REVIEW: Marriage Story (2019)

Character Posters – Netflix

The following is a review of Marriage Story — Directed by Noah Baumbach.

Noah Baumbach’s Marriage Story is one of the most difficult and rawest films that I have seen this year, and I absolutely do mean that as a huge compliment. Like few other films have been able to do this year, Baumbach’s film genuinely moved me to tears multiple times over the course of the exhausting and heartbreaking but absolutely necessary 136-minute runtime. Baumbach has with The Meyerowitz Stories and Marriage Story now made two of the best films that Netflix has ever been associated with, and I actually think his latest film is not just the best of the two, but also one of the few true Netflix masterpieces that have been released this decade.

Marriage Story is a film about a married couple’s separation and potential divorce, which, in case of a fierce custody battle, would threaten to leave their son, Henry (played by Azhy Robertson), on one coast while one of his parents is by themselves on the other side of the country.
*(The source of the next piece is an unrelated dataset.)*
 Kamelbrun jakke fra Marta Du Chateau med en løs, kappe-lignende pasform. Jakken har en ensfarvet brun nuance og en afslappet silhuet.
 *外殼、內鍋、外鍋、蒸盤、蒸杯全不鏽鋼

The married couple consists of Charlie (played by Adam Driver), a successful theater director who thinks it will all blow over, and Nicole (played by Scarlett Johansson), an actress who wants to run away from her marriage to her home state to do television far away from the home that she and her husband built in New York City. Against Charlie’s wishes, Nicole hires an aggressive divorce lawyer, who enhances the couple’s frustrations.

Noah Baumbach’s Marriage Story is almost certainly inspired by Baumbach’s own divorce from Jennifer Jason Leigh, as well as his parents’ divorce, which also inspired his film The Squid and the Whale. Though this film is certainly, to some extent, very personal to the director, Baumbach’s film achieves what I thought Joanna Hogg’s The Souvenir, a semi-autobiographical film about its director’s relationship with a drug addict, failed to achieve, which is to say that Baumbach’s film arouses strong feelings and makes you connect with both of the film’s main characters.
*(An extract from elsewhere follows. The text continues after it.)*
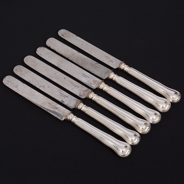 • Christofle, Paris - França(Fundada em 1830 por Charles Christofle). Luxuoso conjunto de facas médias confeccionadas em metal espessurado à prata, fabricação francesa do início do século XX, executado ao estilo do período Louis Philippe. Padrão "Chinon", usado a partir de 1862, conhecido anteriormente como "filet" ou "vieux Paris". Cabo apresenta "ombros" e margem contornada por frisos de terminação cordiforme sobre extremo arredondado. Lâminas em aço marcada CHRISTOFLE A PARIS(apresentam sinais de oxidação). Composto de seis(06) unidades. Marca da manufatura puncionada no verso do cabo. Med.: Comp. 21 cm.

The film opens with a confessional-style therapy session where each partner is asked to describe each other. It’s a great opening that meant much more to the film than I initially realized. The role of this opening montage sequence is to be much more than an opening information dump. Afterward, the film dedicates a section to one parent, before it largely focuses on the other for the rest of the film. For this reason, the film may seem unfairly prejudiced against one parent, but I actually think the film does a good job of making us empathize with them both and be upset with both of them. Ultimately, I think that the film has more issues with the system than the parents. I think it is pretty clear that the film is not so much about the destruction of a marriage, but, instead, Marriage Story is about the impact of the system on their relationship, as well as about the way love can change through times of trouble without vanishing completely. When the film was over, I needed a moment to compose myself. Baumbach’s film took my breath away, and it moved me to tears multiple times. It will rightly draw comparisons to both Robert Benton’s Kramer vs. Kramer and Richard Linklater’s Before Midnight, but I think it is arguably just as good and effective as those films.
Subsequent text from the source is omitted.